» **Data block**:

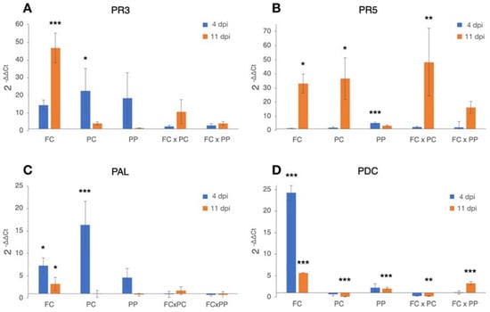 Differences in the expression levels of PR3- (A), PR5- (B), PAL- (C) and PDC- (D) -encoding genes in Pinus radiata seedlings at 4 (blue bars) and 11 (orange bars) days-post-inoculation (dpi) with Fusarium circinatum (FC), P. xcambivora (PC), P. parvispora (PP), F. circinatum ∗ P. xcambivora (FC × PC) and F. circinatum ∗ P. parvispora (FC × PP). Columns with asterisks are statistically different according to Dunnett’s test (* p < 0.05, ** p < 0.01, *** p < 0.001), compared with their calibrator (i.e., wounded and non-inoculated control seedlings).
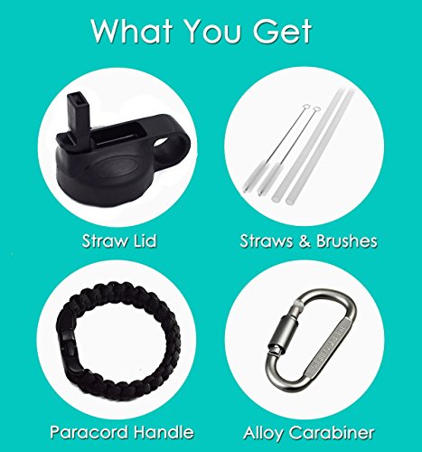 ✔ LID & 2 STRAWS & 2 STRAW BRUSHES & Paracord Handle & Alloy Carabiner INCLUDED: Get the lid, and comes with two separate straws and brushes, trim them at a desirable length depending on your Hydro Flask; Detachable Paracord Loop Handle allows a comfortable and secure carrying solution; The Alloy Carabiner is great to hold items, Idea for hanging on the bag and ropes etc.
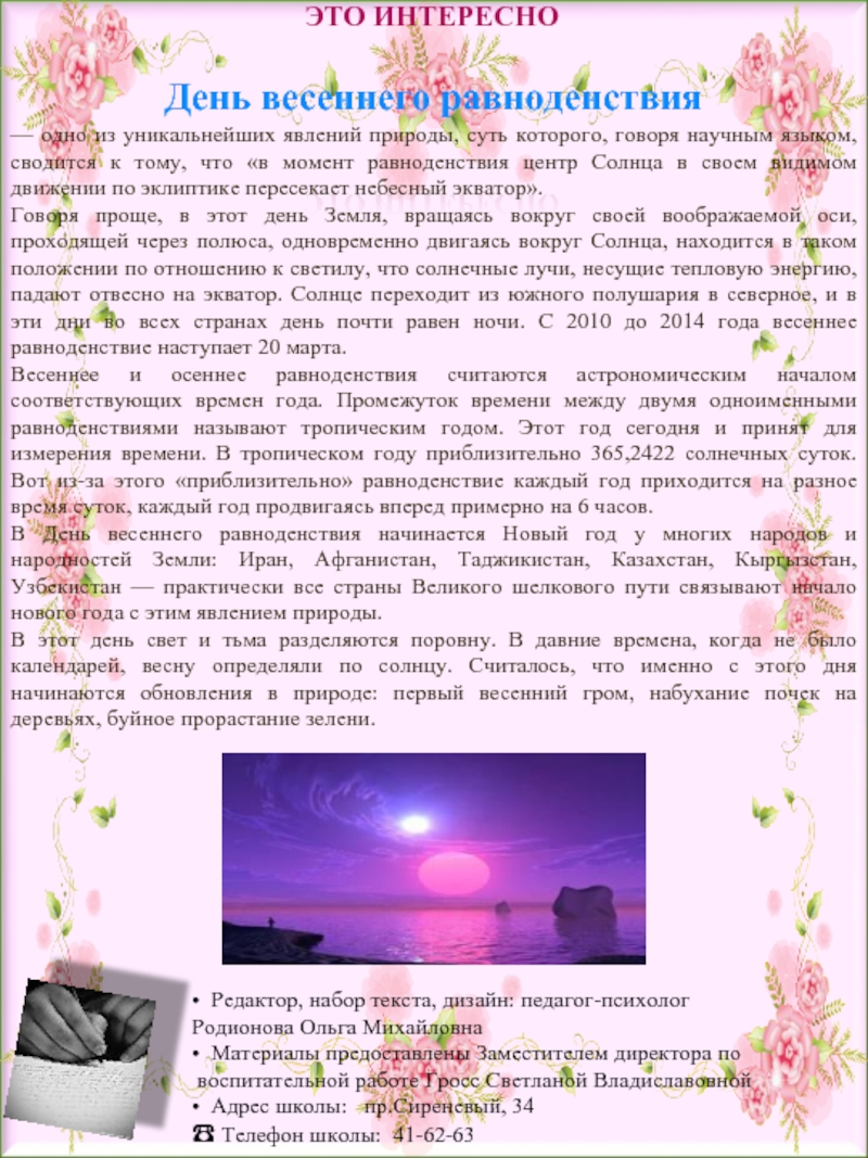 — одно из уникальнейших явлений природы, суть которого, говоря научным языком, сводится к тому, что «в момент равноденствия центр Солнца в своем видимом движении по эклиптике пересекает небесный экватор».
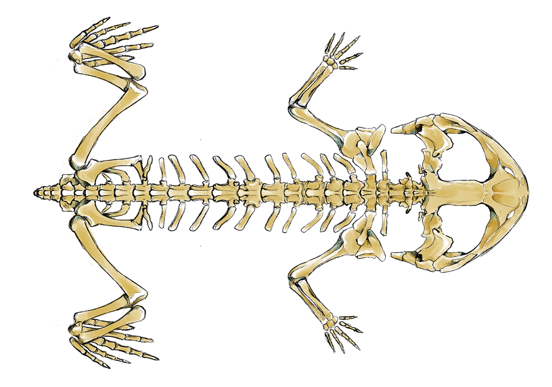 Chưa thể nhảy như ếch ngày nay. Dù có cơ thể tương tự ếch, Triadobatrachus vẫn chưa có khả năng bật nhảy mạnh mẽ do phần cột sống còn dài và thiếu cấu trúc xương chậu đặc trưng. Ảnh: googleusercontent.com.

» **Exercise**: Leave the pictures out, and copy exactly each line from the one containing "одно из уникальнейших" through the final line of the data.

» **Task solution**:
 — одно из уникальнейших явлений природы, суть которого, говоря научным языком, сводится к тому, что «в момент равноденствия центр Солнца в своем видимом движении по эклиптике пересекает небесный экватор».
 Chưa thể nhảy như ếch ngày nay. Dù có cơ thể tương tự ếch, Triadobatrachus vẫn chưa có khả năng bật nhảy mạnh mẽ do phần cột sống còn dài và thiếu cấu trúc xương chậu đặc trưng. Ảnh: googleusercontent.com.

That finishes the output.